En l’espèce, d’un point de vu économique la nécessité d’avoir recours à un engin


élévateur entraine inévitablement un changement des circonstances économiques qui
sont sans aucun doute un élément déterminent du consentement de la société de part
son but lucratif. Les juges du quai de l’horloge font donc prévaloir la temporalité de
l’application du texte législatif au détriment de sa pertinence et du respect du
consentement des parties.

De plus, le fait que le contrat soit un acte de prévision devant de ce fait répondre à une
exigence de sécurité juridique n’a pas empêché les critiques doctrinales du principe
de survie de la loi ancienne consacré par cet arrêt.. Malgré le fait que la Cour de
cassation se place du même coté que le législateur, certains auteurs ont critiqué cette
conception de l’application du droit dans le temps. C’est par exemple le cas du
professeur de droit Daniel Mainguy qui préconise une application immédiate de la loi
nouvelle au contrat conclu avant la réforme. Pour ce dernier cela éviterais au contrat
qui ont des effets sur le long terme de se retrouver sous l’empire d’un droit archaïque
qui, au vu des faits d’espèces peut avoir de lourdes conséquences économiques.

Par exemple entre 2 entreprises de maintenance, celle qui a passé bon nombres de
contrat avant 2016 aura beaucoup plus de mal pour ne pas dire l’impossibilité de
renégocier ses contrats en cas d’imprévision alors qu’une entreprise récente dont la
majorité des contrats ont été passé après 2016 aura la possibilité de demander un
rééquilibrage du contrat pour imprévision sur le fondement de l’article 1195 du code
civil. Ainsi cela entrainera une concurrence déloyal en plus d’ une remise en cause du
principe d’égalité devant la loi.

Malgré ces critiques sur la pertinence de l’application de la loi ancienne au contrat


conclu avant 2016, la position de la cour est compréhensible car en réalité elle se
retrouve bloquée entre deux volontés opposées du législateur:
D’un coté le législateur veut protéger la partie faible au contrat, ici l’entreprise, qui
grâce à 1195 peut demander au juge de rééquilibrer le contrat alors que de l’autre, il
prévoit expressément le principe de survie de la loi ancienne en matière contractuelle
par la loi du 20 Avril 2018. La cour n’a donc décidé ici que de faire prévaloir la
volonté explicite du législateur sur sa volonté implicite.

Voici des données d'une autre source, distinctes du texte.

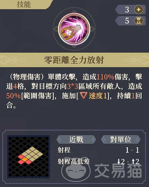 零距离全力放射,物理单体攻击,可对敌人造成高额伤害同时击退四格,对目标范围3×3区域的所有敌人再造成一段本次攻击50%的范围伤害,施加减速效果持续一回合。很好用的决定性必杀技能,高击退高伤害,还带有一定的范围攻击,非常推荐各位主加。
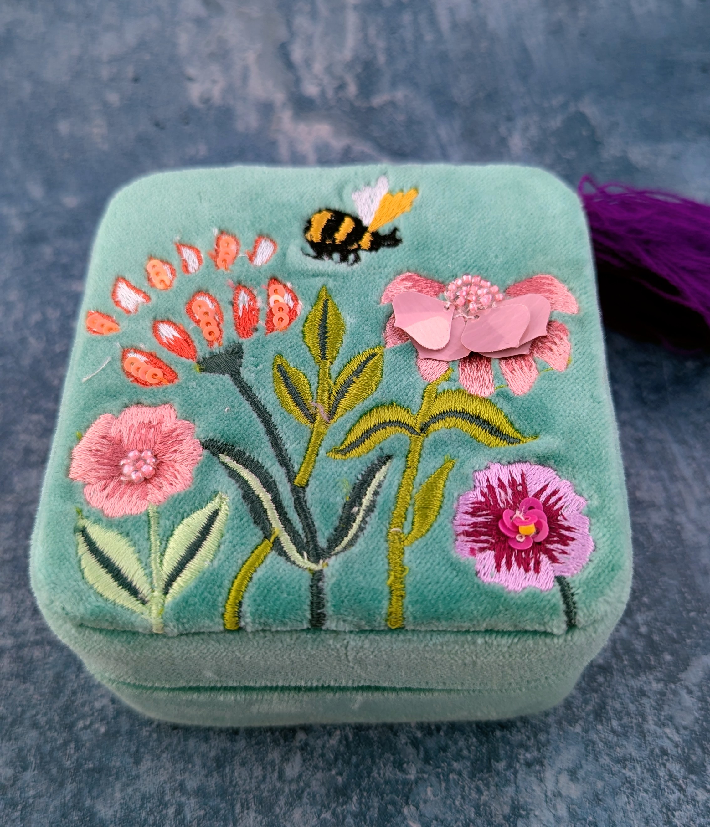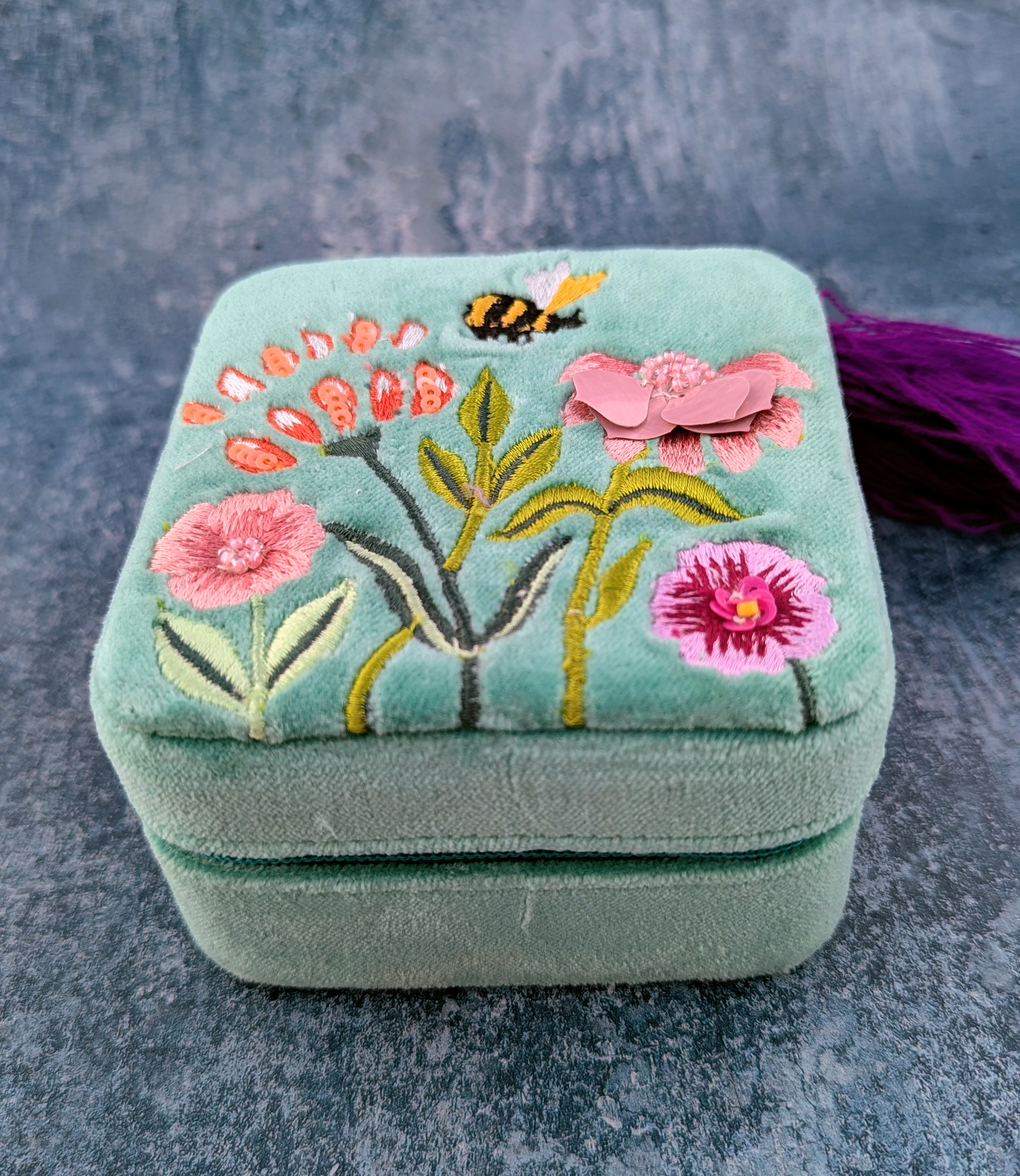 Spring Meadow Embroidered Velvet Jewellery Box

Enfin, la rédaction de l’attendu de la cour de cassation laisse à penser que il ne s’agit


pas d’un arrêt principe mais bien d’une solution propre au cas d’espèce posé par les
juges du fond.

portée :

Cet arrêt ne peut pas être considéré comme novateur car il ne fait que reprendre le
positionnement du législateur sur le questionnement de l’application du droit dans le
temps. Cependant la solution posé par la cour ne semble pas viable sur le long terme
car en rejoignant le PDV du professeur Daneil Mainguy, les évolutions du droit des
contrats qui sont corrélées à l‘évolution de la société risque de créer un décalage
beaucoup trop conséquent ente le droit antérieur et le droit nouveaux.

Pour cette raison, une évolution serait souhaitable. Nous pouvons envisager une
application des dispositions du nouveaux droit au contrat conclus avant 2016 mais
sous certaines conditions comme en l’espèce un déséquilibre important entraînant un
risque financier pour l’une des parties au contrat.
Cet entêtement de la Cour à respecter le principe de survie de la loi ancienne
notamment dans le cadre de la révision pour imprévision semble archaïque par rapport
à d’autres branches du droit.:
En droit public, il est déjà acquis depuis des années que le juge est en mesure de
réviser le contrat en cas d’imprévision. C’est également le cas en droit européen des
contrats qui prévoit en son article 7:101 une possibilité pour le parties de demander au
juge de réviser équitable le contrats si elles n’ont pas réussi à s’entendre sur une
renégociation de ce dernier.

De part cet analyse nous pouvons donc envisager une « modernisation » du


raisonnement de la cour en faisant prévaloir la pertinence de l’application des textes
plutôt que l’application de principe transitoire au risque de limité l’impact des
évolutions juridiques postérieurs auxquels la cours sera soumise.